Tra i mali che pervadono il mondo delle mini-imprese, dai laboratori artigianali ai piccoli negozi ed esercizi pubblici, quali i bari e i ristoranti, la Cgia di Mestre non ne ha ricordato uno, che pure ha evidenziato pochi giorni prima di diffondere i dati sulla moria delle aziende minori, cioè il forte aumento delle estorsioni, “tipico reato praticato dalle organizzazioni criminali di stampo mafioso ai danni degli imprenditori”.
Nel nostro Paese, infatti, le denunce per estorsione sono cresciute dalle 5.992 del 2010 alle 9.839 del 2015 (ultimo dato disponibile finora). L'incremento è stato del 64,2%. Così che il giro d'affari collegato a questo reato è stato stimato tra i 2,7 e i 7,7 miliardi di euro all'anno (forbice larga, perché, come per l'usura, le estorsioni denunciate sono soltanto un parte di quelle praticate e subite”.
Comunque, sulla base delle denunce presentate all'Autorità giudiziaria, è risultata la Valle d'Aosta la regione che ha avuto il maggior incremento percentuale di estorsioni, a livello nazionale.

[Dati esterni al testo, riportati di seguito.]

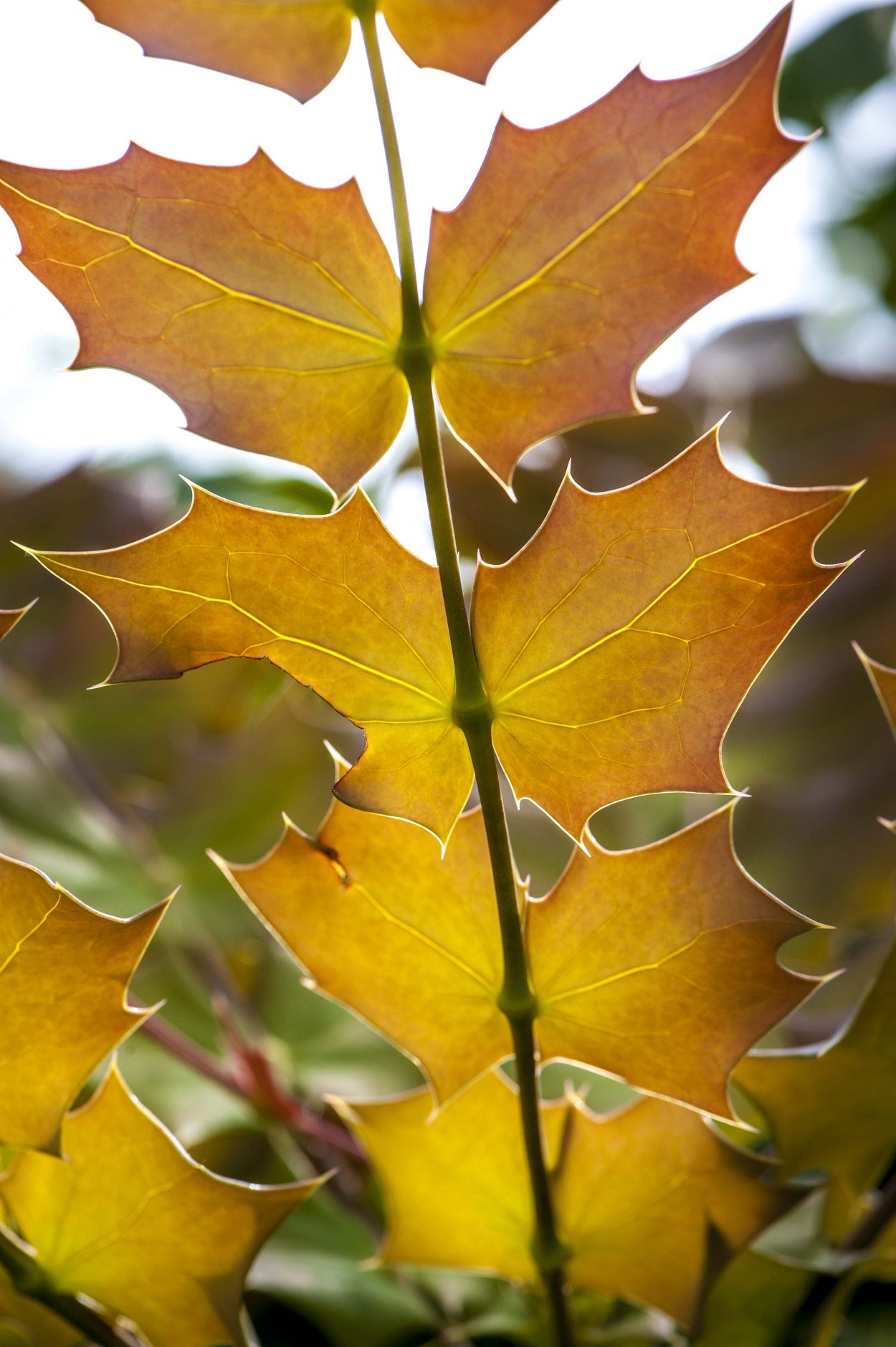 Incorporating gold into your landscape is one of 2017’s garden trends. Pictured: mahonia leaves. Photo by Brad Alston.

Infatti, per la Valle d'Aosta, l'aumento è stato del 466,7% (dalle 3 denunce del 2010 alle 17 del 2015), a fronte del 188% del Trentino-Alto Adige, secondo in questa graduatoria e del 172,8% dell'Emila-Romagna.
In Liguria, le estorsioni denunciate sono salite dalle 154 del 2010 alle 290 del 2015 (+88,3%, che vale l'ottava posizione nella classifica italiana) e in Piemonte dalle 409 alle 667 (+63,1% e quindicesimo posto).
In termini assoluti, nel 2015 è stata la Lombardia a registrare il maggior numero di denunce per estorsione (1.336), seguita dalla Campania (1.277) e dal Lazio (916).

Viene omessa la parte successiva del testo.